The results on the accumulation of Daun upon ZAN treatment are promising. Still, information on the mRNA and protein levels of the ABC transporters would further strengthen the hypothesis suggested by the authors.

Based on your suggestion, we performed a literature survey focusing on this issue. We found several articles reporting on the expression/functional activity of ABC transporters in selected cellular models. Importantly, the results correlate well with our data, thus confirming on the validity of our cells and experimental setup. Notice on this issue has been added to the end of section 3.4. (ref. 51-54 were added to the References)

Because the authors show that the activity of the recombinant AKR1C3 is affected by ZAN, it would make sense that the effect is not related to transcriptional regulation.
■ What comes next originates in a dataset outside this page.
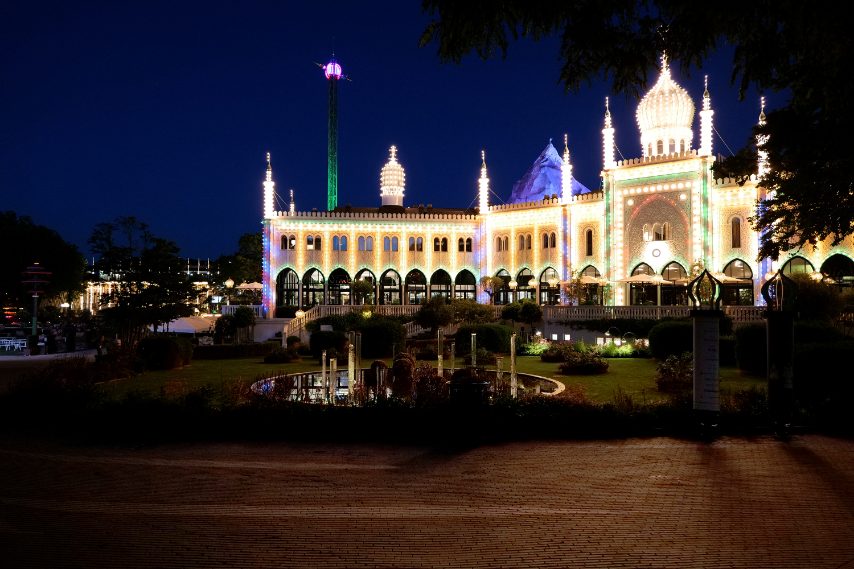 Di notte ai giardini di Tivoli a Copenhagen, il parco divertimenti che sembra uscito da una fiaba

Even so, showing the mRNA and protein levels of AKR1C3 and the ABC transporters at their basal state, treated with Daun, and the combination with ZAN in all the cell models used in the manuscript would reinforce the authors' conclusions.

Although we agree that such experiments might improve the quality of our manuscript, unfortunately, we are not able to perform them under minor revision status. Such wide set of experiments would take several weeks or even months to be conducted properly according to the common scientific rules. We believe, you can understand that we cannot follow your suggestion in this case.

It would enhance the quality and soundness of the manuscript if the data not shown could be included as supplementary information.

The term “data not shown” is mentioned in section 3.2. In this case, we measured effect of ZAN on the viability of transfected HCT116 cells. However, we obtain null effects in all variants, which is logical considering the extremely short incubation intervals (used in follow-up inhibitory assay). To avoid showing “empty message” results (i.e. graph with uniform 100% viability), we selected the “data not shown” type of presentation. Considering above mentioned details, we believe that this is the best option in this case and thus left the presentation type unchanged. Sure, if you stand on your suggestion, we can add the graph to the manuscript.

The manuscript is well written and clear.